• _MATERIAL PROVIDED_
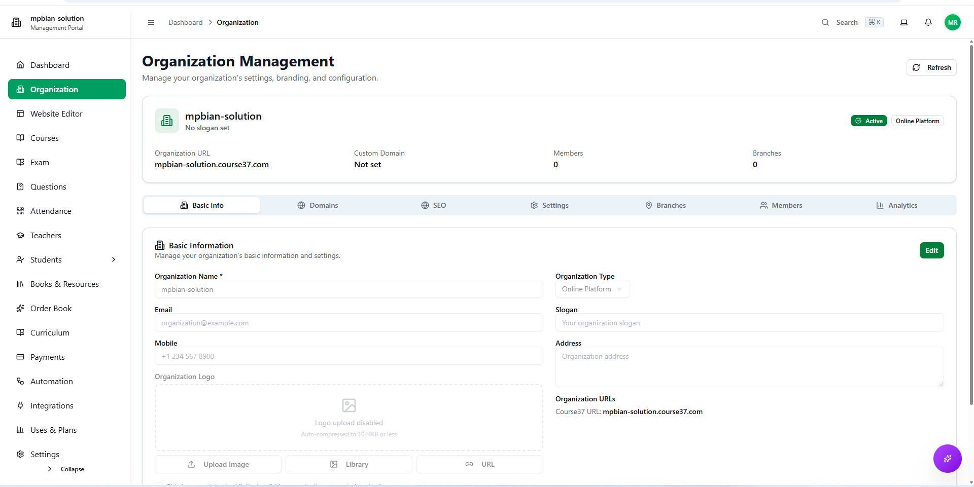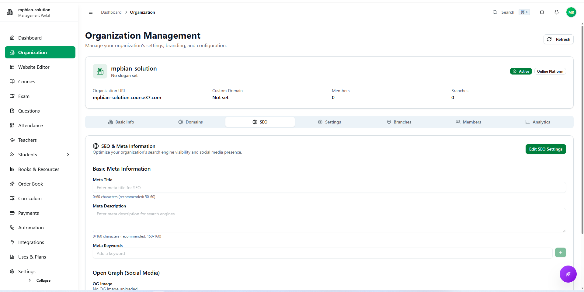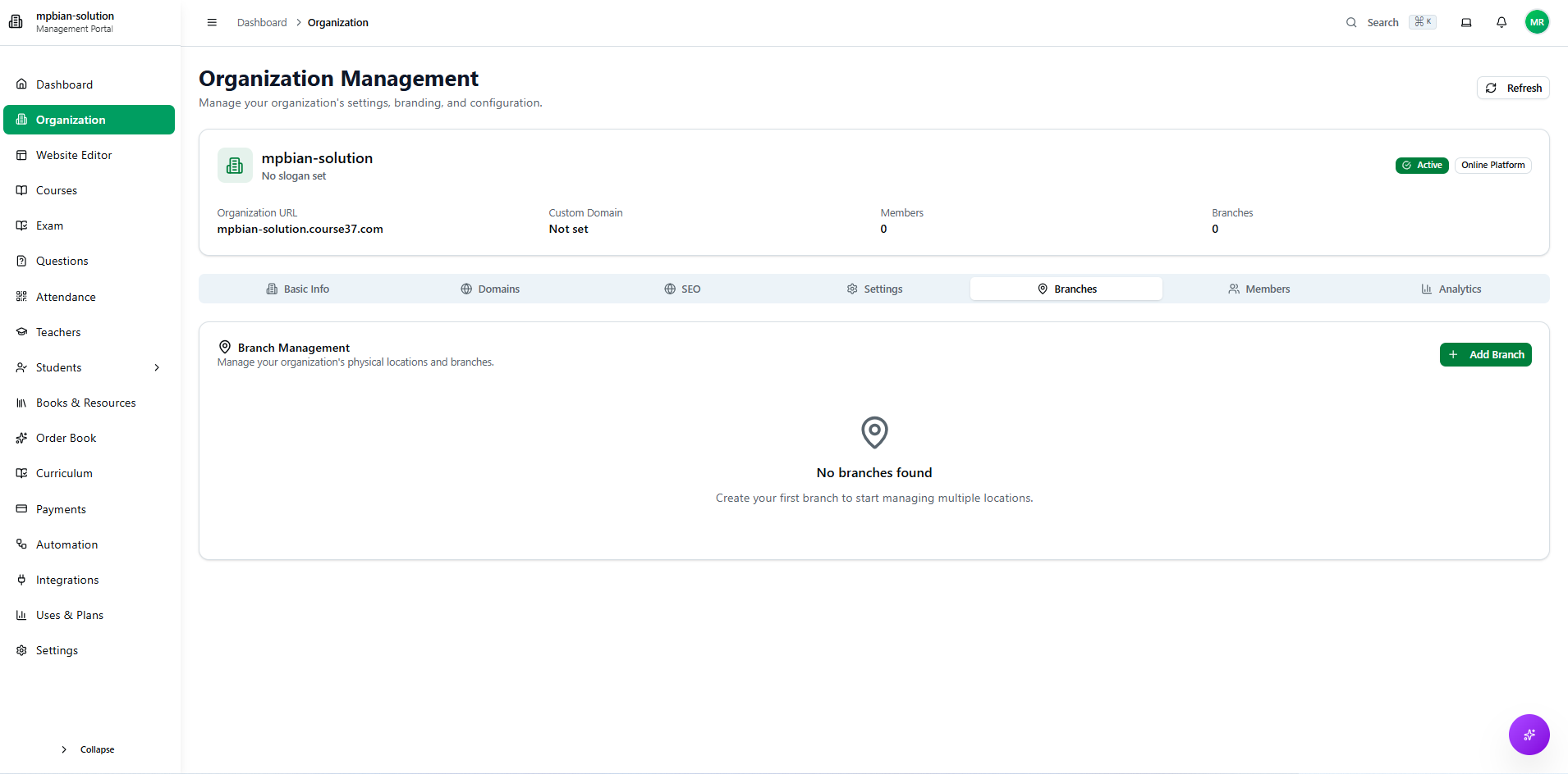 After creating your organization, you can configure various settings from the Organization Management section. This includes basic info, domains, SEO, general settings, branches, team members, and analytics.
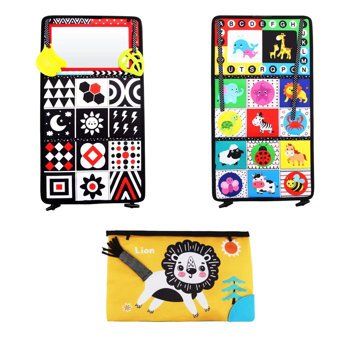 Les illustrations et le miroir captivant stimulent la coordination œil-main et la motricité fine. Grâce aux attaches velcro et à la conception sécurisée, bébé est libre d’explorer et d’apprendre par lui-même.
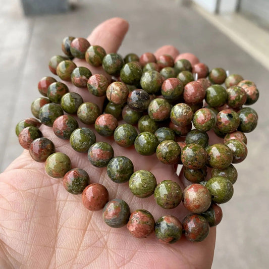 Unakite jasper gemstone stretch bracelet, 4-12mm
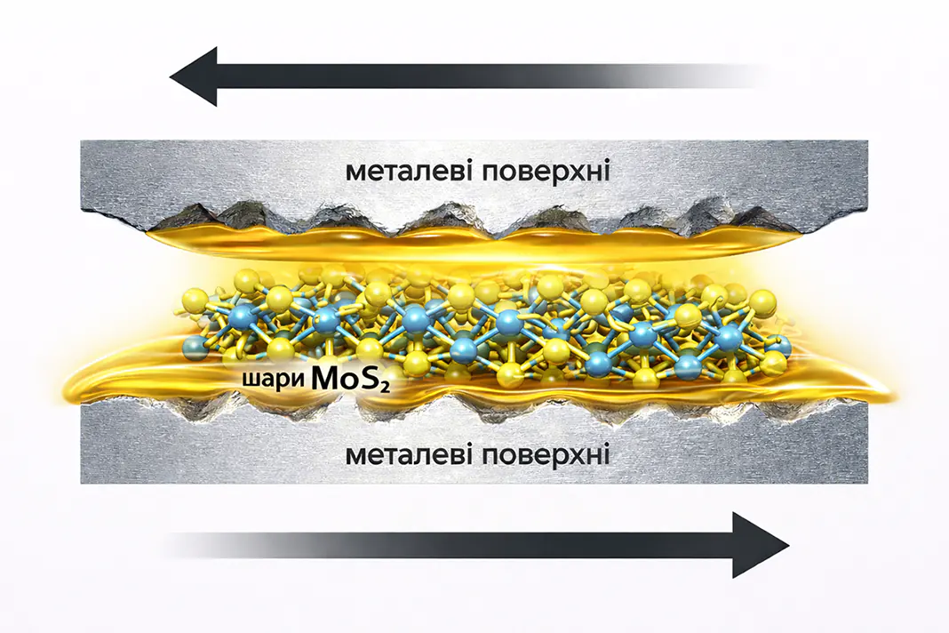 Саме ця речовина формує на поверхні металу спеціальну трибоплівку, яка значно знижує коефіцієнт тертя. Структура MoS₂ має шарувату будову, і ці шари легко ковзають один відносно одного. Завдяки цьому навіть у режимі граничного тертя поверхні можуть ковзати без прямого контакту металу.
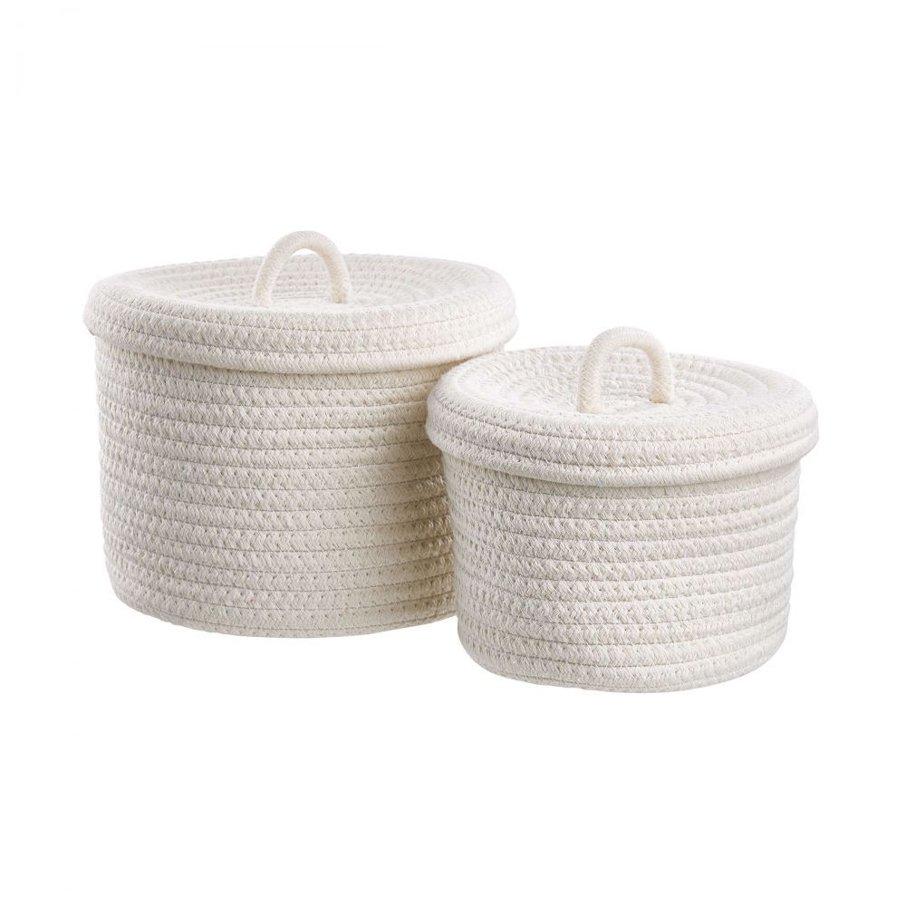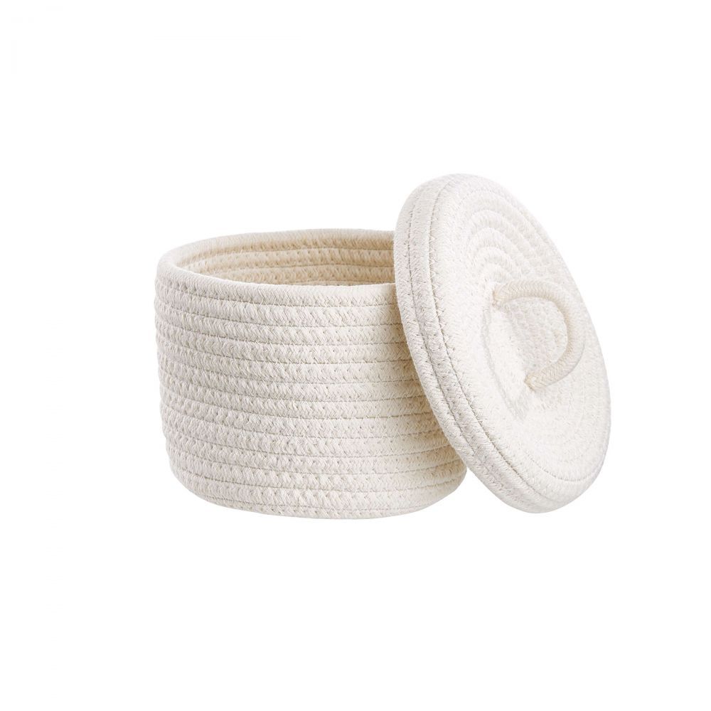 καλάθι στρογγυλό με καπάκι σε κρεμ χρώμα, S
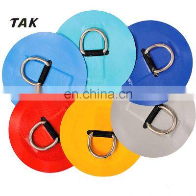 D-rings patches are a convenient way to add mounting points to your inflatable or skin-on-frame craft. These patches are strong, easy to apply, and are commonly used by whitewater rafting outfitters to attach a variety of gear to their boats.
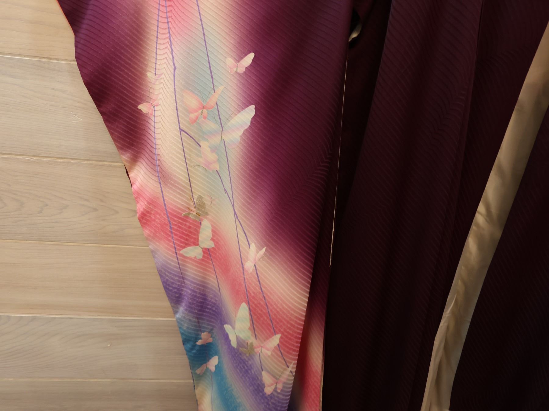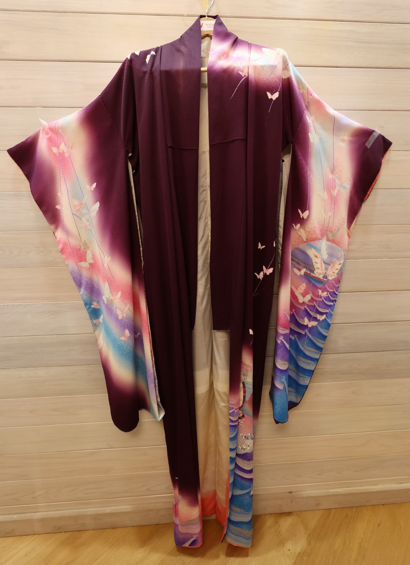 Burgundy & Blue Japanese Kimono w/ Floral Design & Tag Women's One Size
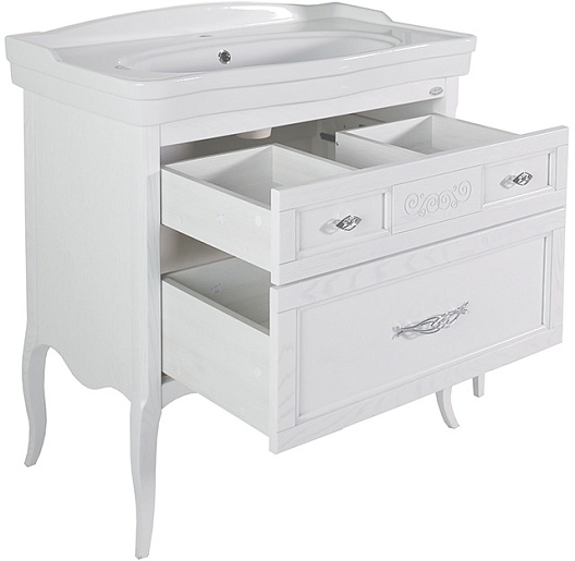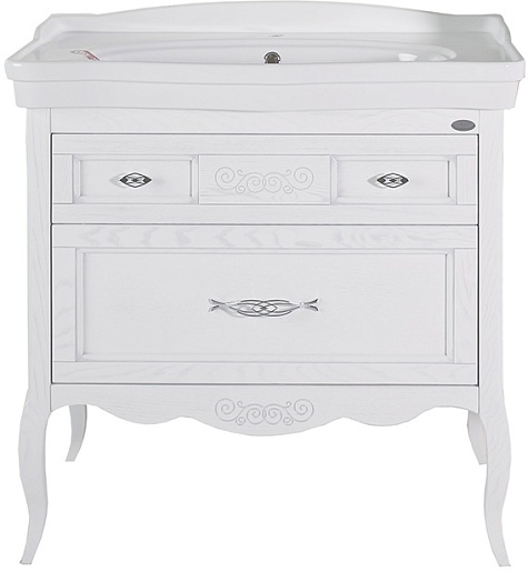 ASB-Woodline Тумба под раковину Модерн 85 белый (Патина серебро)
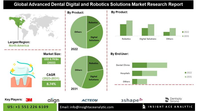 InsightAce Analytic Pvt. Ltd. announces the release of a market assessment report on the "Global Advanced Dental Digital and Robotics Solutions Market - (By Product (Robotics, Dental Digital Solutions (Equipment (Imaging Equipment, Manufacturing Equipment), Software (Dental Practice Management Software, Dental Clinical Software), Specialty Area (Orthodontics, Prosthodontics, Implantology, Other Specialty Areas)), By End-User (Hospitals, Dental Clinics, Others)), Trends, Industry Competition Analysis, Revenue and Forecast To 2031."

• _WHAT THE TASK REQUIRES_
Using the listing above, copy every line from the line containing "ASB-Woodline Тумба под" through the last one, both included, and no other lines. Pictures stay out.

• _RESULT BELOW_
 ASB-Woodline Тумба под раковину Модерн 85 белый (Патина серебро)
 InsightAce Analytic Pvt. Ltd. announces the release of a market assessment report on the "Global Advanced Dental Digital and Robotics Solutions Market - (By Product (Robotics, Dental Digital Solutions (Equipment (Imaging Equipment, Manufacturing Equipment), Software (Dental Practice Management Software, Dental Clinical Software), Specialty Area (Orthodontics, Prosthodontics, Implantology, Other Specialty Areas)), By End-User (Hospitals, Dental Clinics, Others)), Trends, Industry Competition Analysis, Revenue and Forecast To 2031."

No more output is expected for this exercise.